Databricks Lakehouse Platform

1. Relationship Between Data Lakehouse and Data Warehouse

Data Warehouse:
- Traditional structured storage optimized for SQL analytics.
- Uses Extract, Transform, Load (ETL) to process structured data.
- Limited support for unstructured/semi-structured data.
- Examples: Snowflake, Redshift, BigQuery.
Data Lakehouse:
- Combines data lake (flexible storage) + data warehouse (performance & governance).
- Supports structured, semi-structured (JSON, Parquet), and unstructured data (images, logs).
- Uses Delta Lake for ACID transactions, schema enforcement, and time travel.
- Enables BI, ML, and streaming on a single platform.

Key Differences:

Feature	Data Warehouse	Data Lakehouse
Data Types	Structured only	Structured, semi-structured, unstructured
Cost	Expensive storage	Cost-effective (object storage)
Performance	Optimized for SQL	Optimized for SQL + ML + Streaming
Schema	Schema-on-write	Schema-on-read & schema enforcement

Reference: Databricks Lakehouse Whitepaper

2. Improvement in Data Quality in Lakehouse Over Data Lake

Data Lakes (Traditional Issues):
- No schema enforcement → “Data Swamp” (poor quality).
- No ACID transactions → Dirty reads/writes.
- Limited metadata management → Hard to govern.
Lakehouse Improvements (via Delta Lake):
- ACID Transactions: Ensures consistency (e.g., concurrent writes).
- Schema Enforcement: Prevents bad data ingestion.
- Time Travel: Rollback to previous versions (e.g., RESTORE TABLE).
- Data Quality Checks: Expectations (e.g., CHECK constraints).
- Unified Governance: Fine-grained access control (Row/Column-level).

Example:

# Enforcing schema in Delta Lake
df.write.format("delta").mode("overwrite").option("mergeSchema", "true").save("/mnt/delta/events")

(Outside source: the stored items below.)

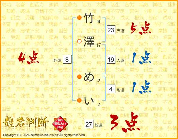 竹澤めいさんの天運は23画の5点!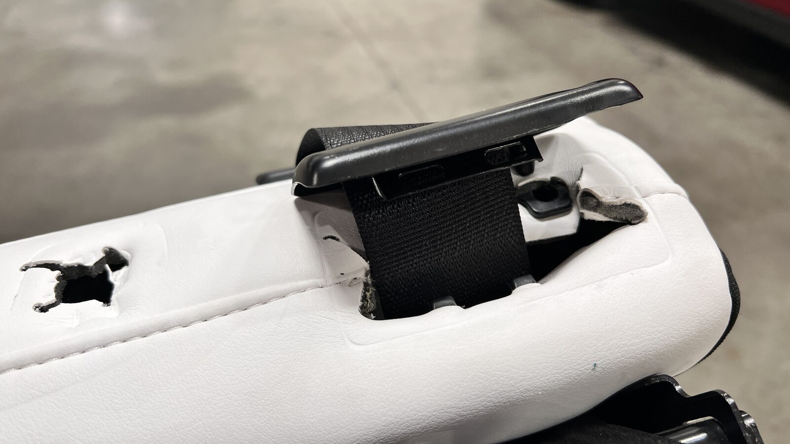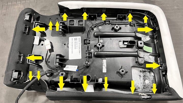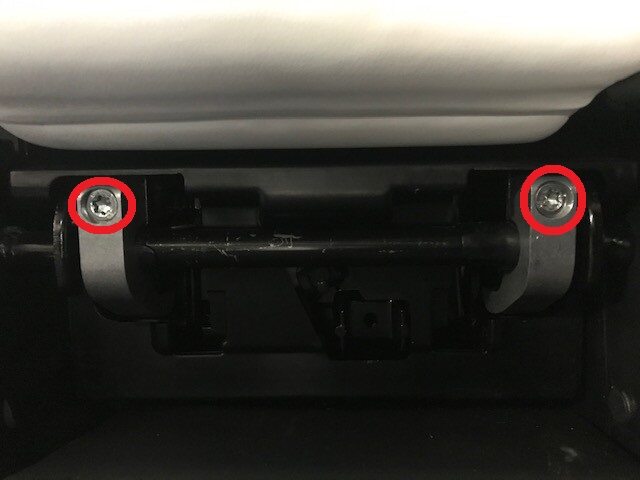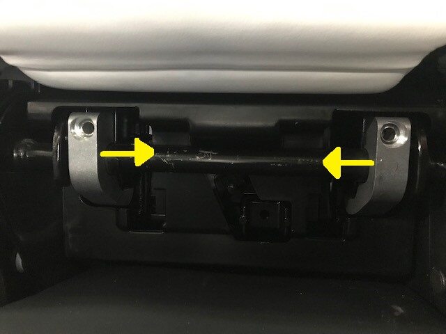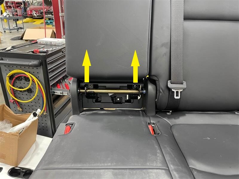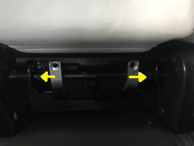 注2x bolts, T40, 22 Nm, Once fasteners are removed slide pivot clamp towards the center of center seatback and pull each outwards to remove
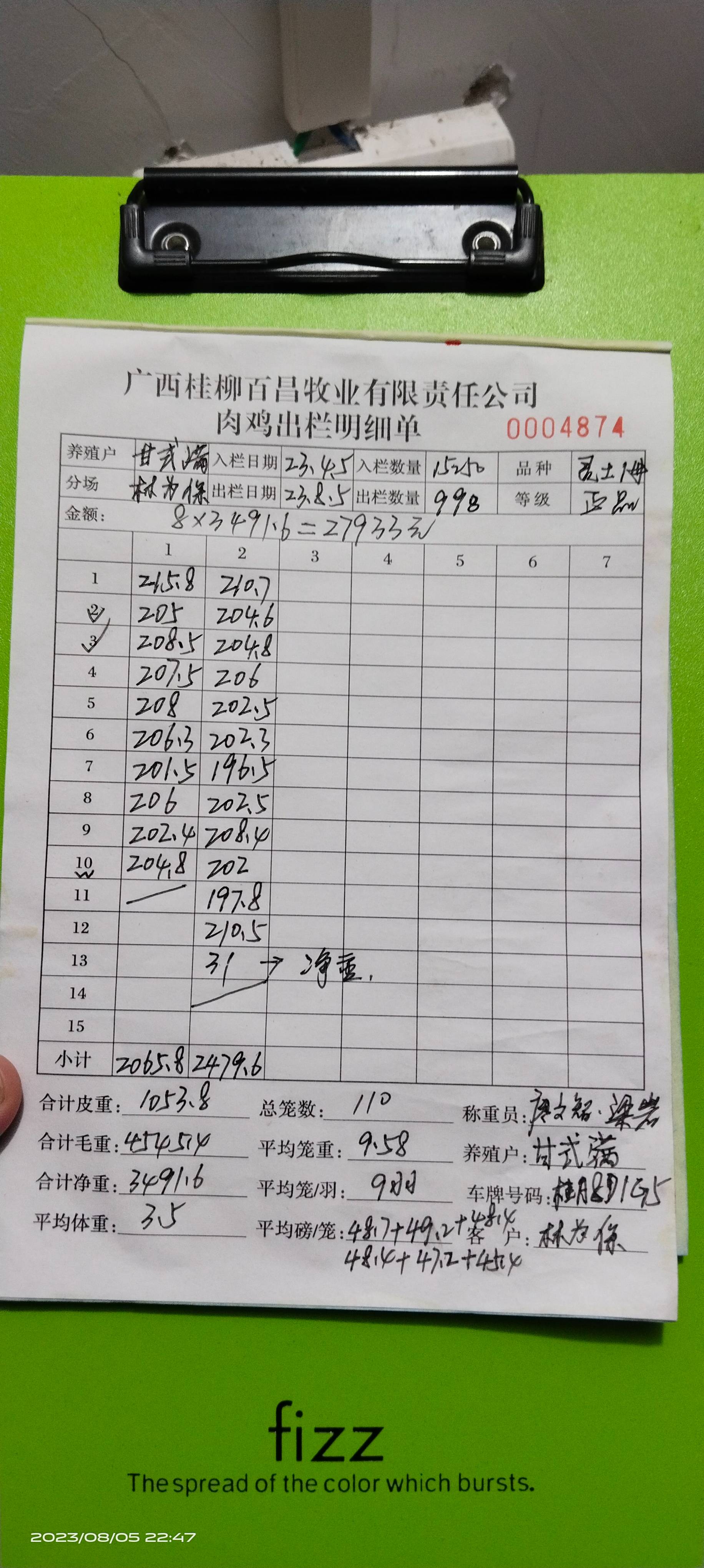 养殖户_冯金学柳州肉鸡灵土1.8母230435 0427 8批_1691250298003.JPEG |

Reference: Delta Lake Documentation

3. Silver vs. Gold Tables & Workload Sources

Medallion Architecture:
- Bronze (Raw): Raw ingested data (e.g., JSON logs, IoT streams).
- Silver (Cleaned): Validated, deduplicated, enriched data.
- Gold (Aggregated): Business-level aggregates (e.g., KPIs, reports).

Table Type	Use Case	Source	Example
Bronze	Raw ingestion	Kafka, Files	`sales_raw`
Silver	Cleaning & Enrichment	Bronze	`sales_cleaned`
Gold	Reporting & Aggregation	Silver	`sales_monthly_metrics`

Workload Examples:

Bronze as Source: Stream processing (e.g., Spark Structured Streaming).
Gold as Source: BI dashboards (Tableau, Power BI).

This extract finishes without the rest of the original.